Coleman won the first part of a suit against the DCA, when a jury found that her superiors had made several potentially defamatory statements against her (see “Mary-Alice Doesn’t Work Here Anymore,” SN&R, April 12).

The statements included accusations that Coleman had mishandled her review of a sensitive internal investigation of top officers in the Board of Pharmacy, a branch within the Department of Consumer Affairs.

During her review of the investigation, Coleman discovered what she believed were death threats made by one employee against the board officers who were under investigation. Coleman claimed she was retaliated against after revealing the threats to the two women.

Coleman was just beginning the second phase of her trial, with a new jury, that was to determine whether the statements made against her were indeed defamatory, and if so, what damages she was entitled to.

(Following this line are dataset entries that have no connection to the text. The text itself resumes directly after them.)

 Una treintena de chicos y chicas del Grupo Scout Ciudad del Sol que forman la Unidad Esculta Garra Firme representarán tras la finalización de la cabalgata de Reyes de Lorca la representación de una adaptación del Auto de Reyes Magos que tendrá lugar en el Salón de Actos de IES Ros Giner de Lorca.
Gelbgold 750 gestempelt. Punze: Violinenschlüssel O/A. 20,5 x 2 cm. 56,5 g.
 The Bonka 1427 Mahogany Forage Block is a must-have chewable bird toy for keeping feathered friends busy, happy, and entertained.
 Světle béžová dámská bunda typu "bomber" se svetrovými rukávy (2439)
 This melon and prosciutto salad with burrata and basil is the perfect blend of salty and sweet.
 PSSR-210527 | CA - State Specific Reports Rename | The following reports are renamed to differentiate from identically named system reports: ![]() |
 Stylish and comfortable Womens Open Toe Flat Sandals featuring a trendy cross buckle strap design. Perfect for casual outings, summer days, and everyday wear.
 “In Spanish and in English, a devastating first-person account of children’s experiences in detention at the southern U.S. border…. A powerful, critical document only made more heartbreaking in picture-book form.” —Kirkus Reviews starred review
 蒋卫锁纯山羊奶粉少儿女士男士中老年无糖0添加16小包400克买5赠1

Before the second phase of the trial could get fully underway, however, Judge Sheldon H. Grossfeld threw the case out on what Coleman said amounts to a technicality. The judge’s decision came seven weeks into the saga, after Coleman racked up nearly $250,000 in legal fees.

“He threw us right out on our heads,” Coleman said. “It was a huge shock.”

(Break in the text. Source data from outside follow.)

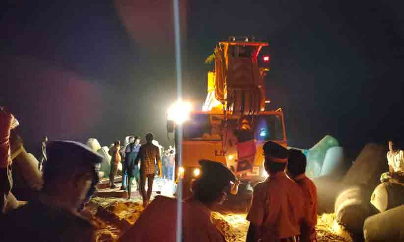 രക്ഷാപ്രവർത്തനങ്ങൾക്കായി വിഴിഞ്ഞം തുറമുഖത്തുനിന്ന് ഭീമൻ ക്രെയിന് കൊണ്ടുവന്നെങ്കിലും അത് പുലിമുട്ടിന്റെ അവസാനഭാഗത്ത് എത്തിക്കാൻ ഇതുവരെ കഴിഞ്ഞില്ല.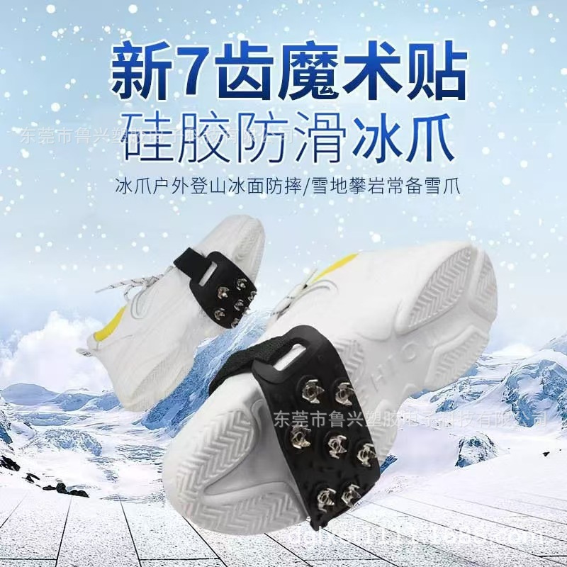 실리콘 7 치아 크램폰 벨크로 크램폰 스노우 클로 야외 등산 미끄럼 방지 신발 커버 스노우 미끄럼 방지 스파이크 두꺼운스토어 가기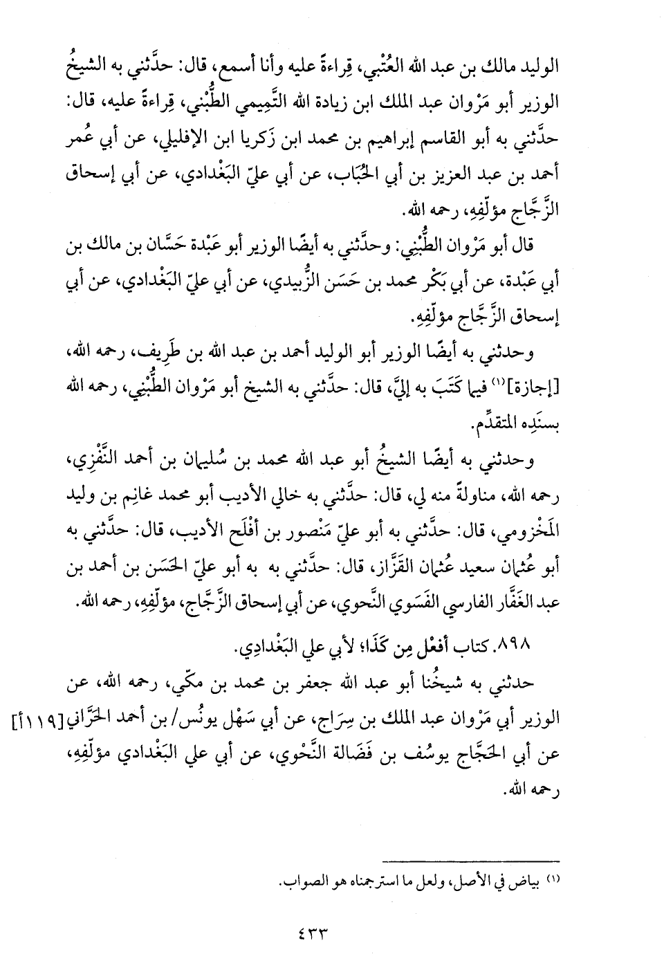 الوليد مالك بن عبد الله العتبي، قراءة عليه وأنا أسمع، قال: حدّثني به الشيخ الوزير أبو مروان عبد الملك ابن زيادة الله التّميمي الطّبني، قراءة عليه، قال: حدّثني به أبو القاسم إبراهيم بن محمد ابن زكريا ابن الإفليلي، عن أبي عمر أحمد بن عبد العزيز بن أبي الحباب، عن أبي عليّ البغدادي، عن أبي إسحاق الزّجّاج مؤلّفه، رحمه الله.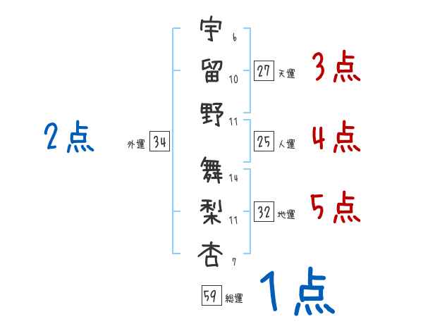 地運![]() | 宇留野舞梨杏さんの地運は32画の5つ星!柔軟性があり成功する。チャンスが多く金運が良い。 個性を表す基礎的な運勢です。性格形成や対人関係、行動力など家庭環境に影響されます。主に誕生してから20歳くらいまでの若年期の運勢を表します。 |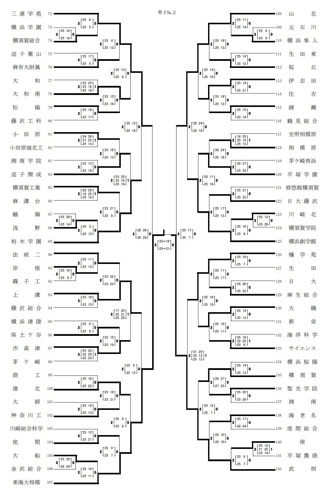 | 東海大相模 | 2 | 25-19 25-21 | 0 | 武 相 |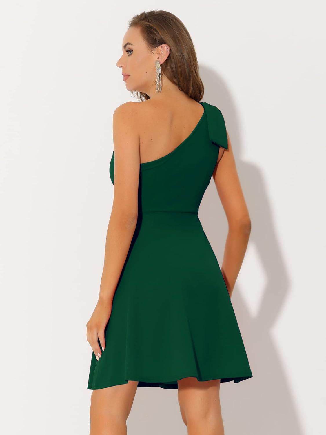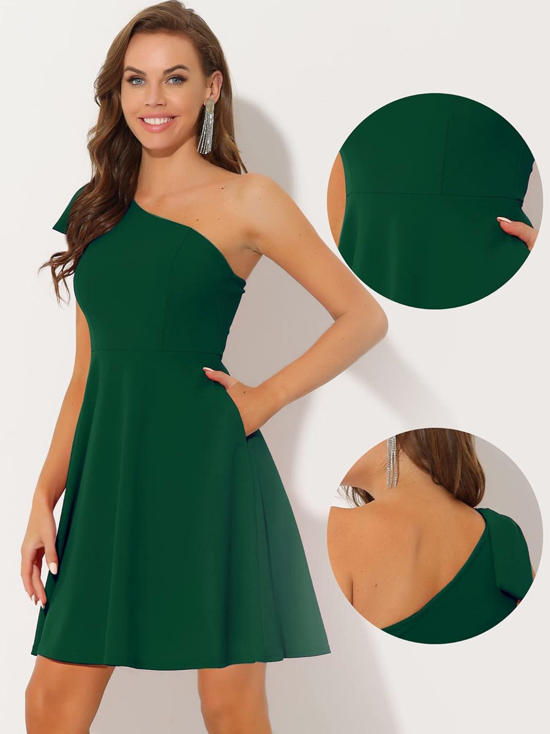 Allegra K Evening Cocktail Dress for Women’s Party Elegant Flared One Shoulder Formal Dresses(Dark Green)
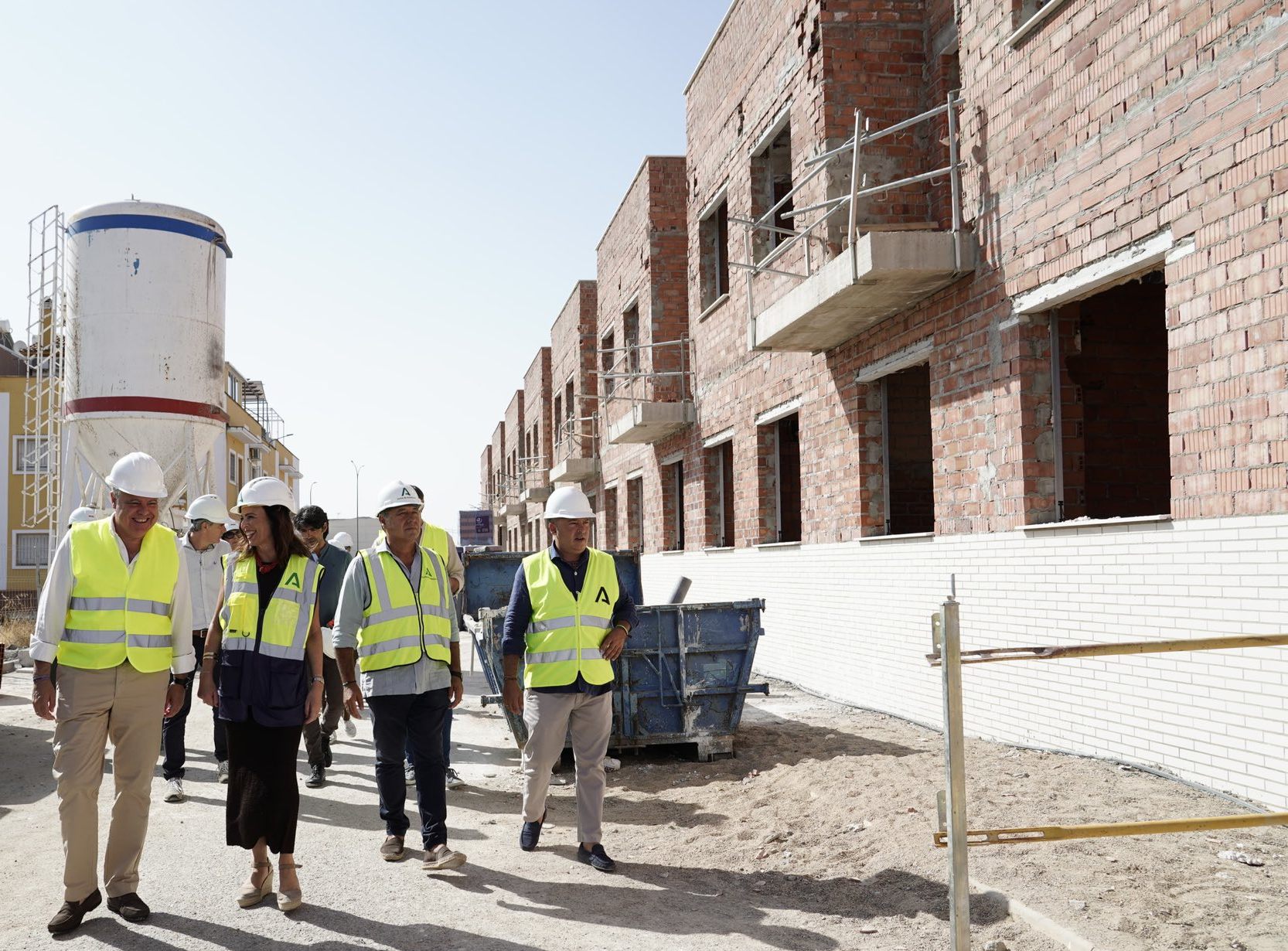 La consejera de Fomento, Articulación del Territorio y Vivienda, Rocío Díaz, ha visitado junto al alcalde de Mairena del Alcor, Juan Manuel López, las obras de una promoción de 34 viviendas protegidas en régimen especial de alquiler en el municipio sevillano, que ya han alcanzado el 50 % de ejecución. Esta promoción, que está promoviendo el Ayuntamiento en el barrio de La Cebonera, ha recibido una subvención de 1,2 millones de euros de la convocatoria del programa de Fomento del Parque de Vivienda en Alquiler de la Junta de Andalucía, financiado por el Plan Vive y el Plan Estatal, para su construcción. Esta ayuda sufraga cerca de la mitad del coste total de la intervención, que cuenta con una inversión de más de 2,6 millones de euros.
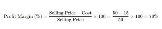 Suppose the overall price of a 50ml perfume of unisex is 15 dollars (with the oils, packaging, and work) and you are willing to sell the perfume at 50 dollars, then your profit margin will be:

Earlier in June, Grossfeld also threw out a $3 million jury verdict awarded to Labib Doumit, the Board of Pharmacy employee who made the alleged threats. The suit claimed he had been harassed and suffered an invasion of privacy, and the jury unanimously agreed.

Yet Grossfeld ruled that there was no substantial evidence to support Doumit’s claim.

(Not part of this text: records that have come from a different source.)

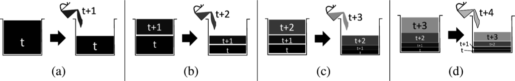 The updating mechanism is figuratively drawn as an “evaporating pot” in Figure 4. In Step (a), the pot is filled by a liquid, labeled t. The content of the pot is then evaporated so that half of its capacity remains. Next, a new liquid, labeled t + 1, is poured into the pot. The volume of the poured liquid is half of the pot capacity. In step (b), the contents of the pot are again evaporated to half its capacity. The liquid labeled t and the liquid labeled t + 1 are reduced equally to half of their initial volumes. That is, the volumes of the liquids labeled t and t + 1 become 1/4 of the pot capacity. Then, repeatedly, a new liquid, labeled by t + 2, is poured into the pot, which is half full of the liquid. After repeating the process, as shown in Steps (c) and (d), the ingredients in the pot are a mixture of liquids labeled t, t + 1, …. The volume of liquid labeled t′ is therefore V, where V is the pot capacity. Thus, the volume of liquid will be decreased exponentially.
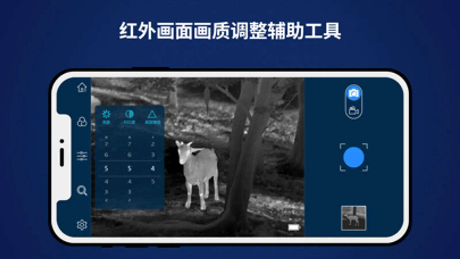 1.可调节热像仪实时画面的放大/缩小、伪彩、图像亮度、图像对比度、画面增强等功能调整;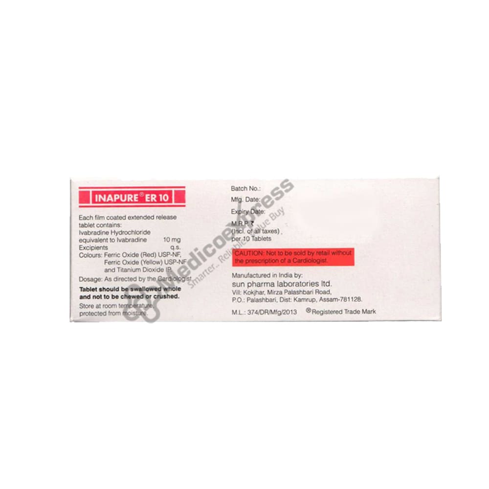 Inapure ER 10 Tablet is a prescription medication used to treat angina (heart-related chest pain) and chronic (long-term) heart failure. It improves the efficiency of the heart by lowering the heart rate. This relieves chest pain and lowers the risk of hospitalisation in patients with heart failure.Disclaimer:For More Information Contact Your Physician

In the Coleman case, Grossfeld dismissed the case on the grounds that the jury’s findings were different than the claim Coleman made to the state Board of Control, a mandatory procedural step made before she could bring her suit against the state.

Coleman is considering an appeal: “I don’t want to be remembered as an example of why it is hopeless to take on the state.”

Another character from the recent pages of SN&R—Troy Agid, owner of Bonehead’s Tattoos—has had a happy ending to his story (see “Sign of the Times,” SN&R, June 21).

Sacramento’s Design Review and Preservation Board originally took a dim view of the sprawling sign in front of his business, but then agreed with Agid supporters that it was more mural than sign, and at a recent follow-up hearing, finally agreed to let him keep an only slightly smaller version of his original sign.

The board had nothing but praise for Agid’s beautification of the store’s façade, and Agid felt fine about his run-in with city bureaucracy: “I am so glad that I went through this process.”